Friday, July 17, 2020

America's Librarian Nancy Pearl Does What She Does Best

I'm so sorry to keep doing this to you but I have another recommendation that doesn't come out until Sept. Blame the Library Love Fest gang at Harper Collins. Last week I spent two and a half glorious hours in the company of over eighteen hundred avid, reading librarians in a webinar hosted by Virginia Stanley and her crew. They have been keeping me sane for months with their weekly video chats, touting the latest, greatest books coming down the pike. 

One of them is "The Writer's Library" by readers' advisor extraordinaire, Nancy Pearl, and her friend, playwright Jeff Schwager. Nancy plugged in via Skype to regale us with the
story of the road trip across America that she and Jeff took in order to meet and interview their favorite authors in their home spaces. The result is a joy for all of us who worship writers and will give you a "must read" list that will take years to work through. 
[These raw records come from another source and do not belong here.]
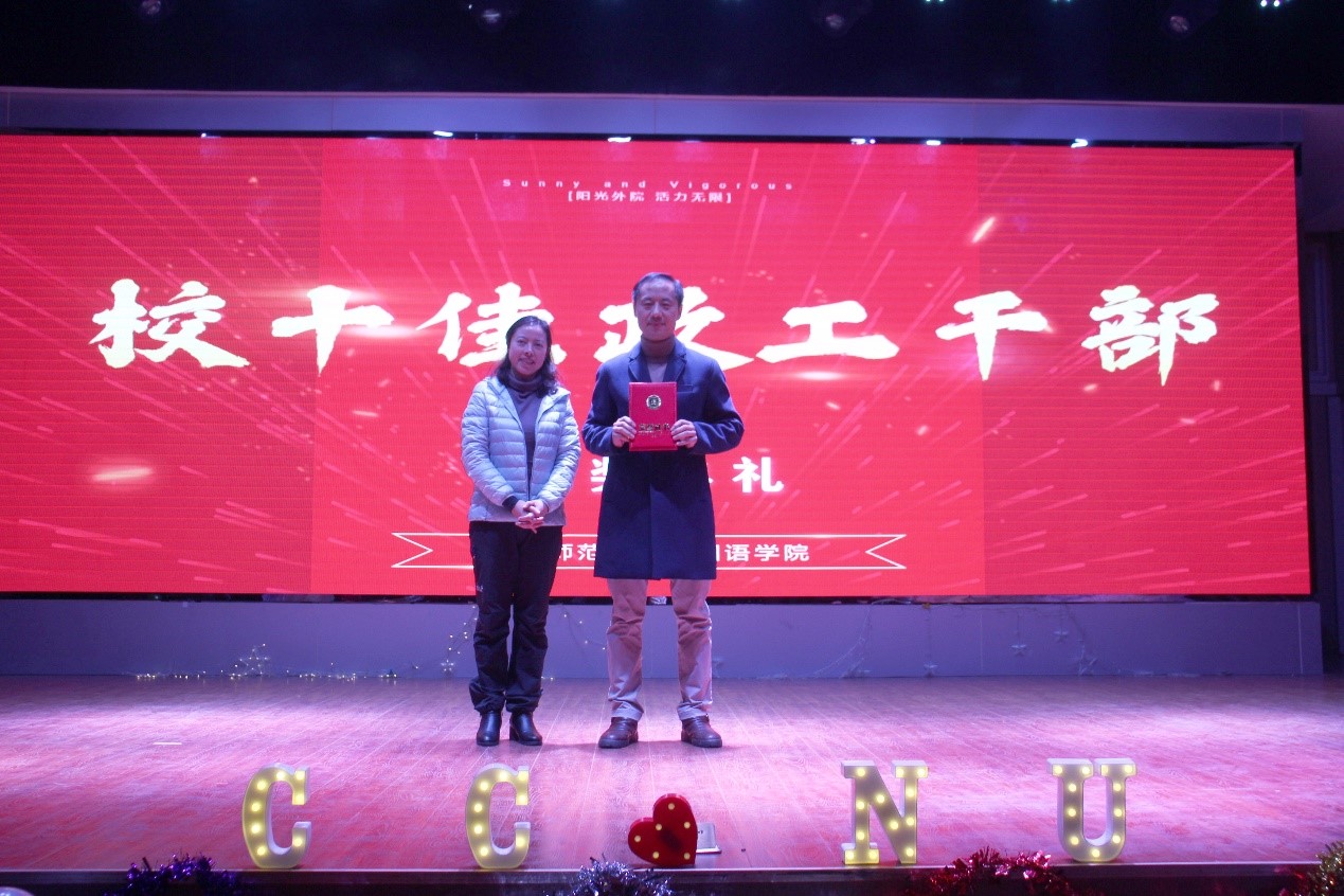 学生成绩的取得,离不开老师们的辛勤付出,精彩的节目过后,进入2018-2019学年学院“十佳班主任”、校“十佳政工干部”的颁奖环节。2016级俄语班班主任刘永红,2017级法语班班主任杨芬,英语1806班班主任何卫华,英语1801班班主任李正林,英语1602班班主任向宗平,英语1705班班主任尹蔚,英语1502、1503班班主任谢瑾,英语1701班班主任付丽,日语1701班班主任李莹以及2017级韩语班班主任齐颖获得院“十佳班主任”称号,英语系老师张茂林获得“校十佳政工干部”称号。台下欢呼声阵阵,同学们用热烈的掌声表达对老师们的感谢与祝福。外院老师们不仅教学出色,更是多才多艺。颁奖环节过后,由李云书记伴奏、辅导员罗璇老师演唱的歌曲《贝加尔湖畔》及李云书记的口琴独奏《斯卡布罗集市》展现了老师们独特的一面,温柔的歌声配上优美的琴音,引得现场连连叫好。
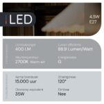 - Energiezuinig: Met slechts 4.5W verbruik vervangt deze lamp een traditionele 35W gloeilamp, wat resulteert in aanzienlijke energiebesparingen.
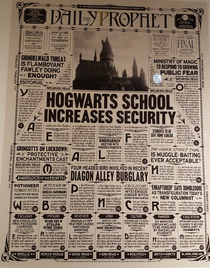On 29 November 1926, the Daily Prophet reported that security had to be increased at Hogwarts in response to the growing threat of Gellert Grindelwald's impact on the Global Wizarding War. Measures included Headmaster Armando Dippet holding an emergency meeting with worried parents and students being sent home early.[49]
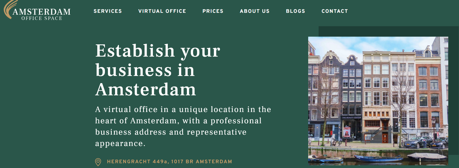 “With a virtual office you can register your company” https://www.amsterdamofficespace.nl/en/ and https://www.virtualofficeseurope.com/
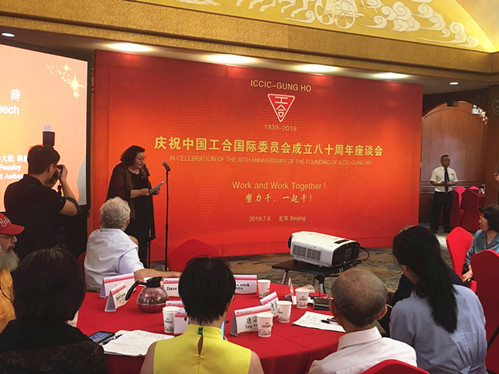 2019年7月6日,“庆祝中国工合国际委员会成立80周年座谈会”在北京友谊宾馆友谊宫拉开帷幕。我院师生代表和工合国际委员、国内外友人、兄弟组织代表等各界人士到会祝贺。中国人民对外友好协会副会长谢元、新西兰驻华大使傅恩莱、工合国际顾问伊莎白、原中华人民共和国外交部部长黄华夫人何理良、爱泼斯坦遗孀黄浣碧、傅莱遗孀江国珍、新中友好协会会长荣大伟等应邀出席座谈会。

Imagine sitting at the kitchen counter listening to Ayelet Waldman and her husband Michael Chabon reminisce about their first reading experiences, riffing off each other, filling in each other's blanks. Or think about joining Pulitzer Prize-winner Richard Ford in his Maine writing cabin, a haven that looks out over the water, while he explains that he was a kid who was always in trouble - his best buddy ended up in jail. He was in his forties before he discovered he was dyslexic. His teachers just opined that he didn't "apply" himself. Wonder what they think now?

Nancy and Jeff caught up with Louise Erdrich at her bookstore, Birchbark Books, in Minneapolis. https://birchbarkbooks.com/ where she told them, music to our ears, that the library was her destination of choice. The large family was relatively poor so owning books was not an option. Still, she began reading by the age of four and was in the first class at Dartmouth that included women. 

I loved how so many of the authors Nancy and Jeff interviewed talked about what fun it was to see the cards in the back of library books with the names of everyone in town who had checked out and read that book. I remember this vividly myself as one of the quirks of small town life. 

Amor Towles entertained the two in a Victorian townhouse in Gramercy Park, his office graced by three walls of floor to ceiling shelves which includes an impressive number of first editions, we're told. Somehow that's just what I expected from the former lawyer whose debut novel, "The Rules of Civility," knocked out reviewers and then was followed by the incredible "A Gentleman in Moscow."

Book lovers will appreciate the unbridled enthusiasm that Nancy and Jeff exude when they talk about their favorite reading experiences. The depth and breadth of their knowledge is amazing so that they totally hold their own with their renowned subjects, to the point where they all spontaneously quote first lines from novels and long sections of poetry. It's great fun to learn how many of the writers, brought up in wildly differing circumstances, share the same childhood favorites that brought them to literature.

At the end of each interview is a list - oh how we love our lists - of the specific titles mentioned by the authors that had special meaning for them, informed their writing style, or is read year after year as proof of the book's staying power. This collection is a must read for all of you who suffer gladly from book lust!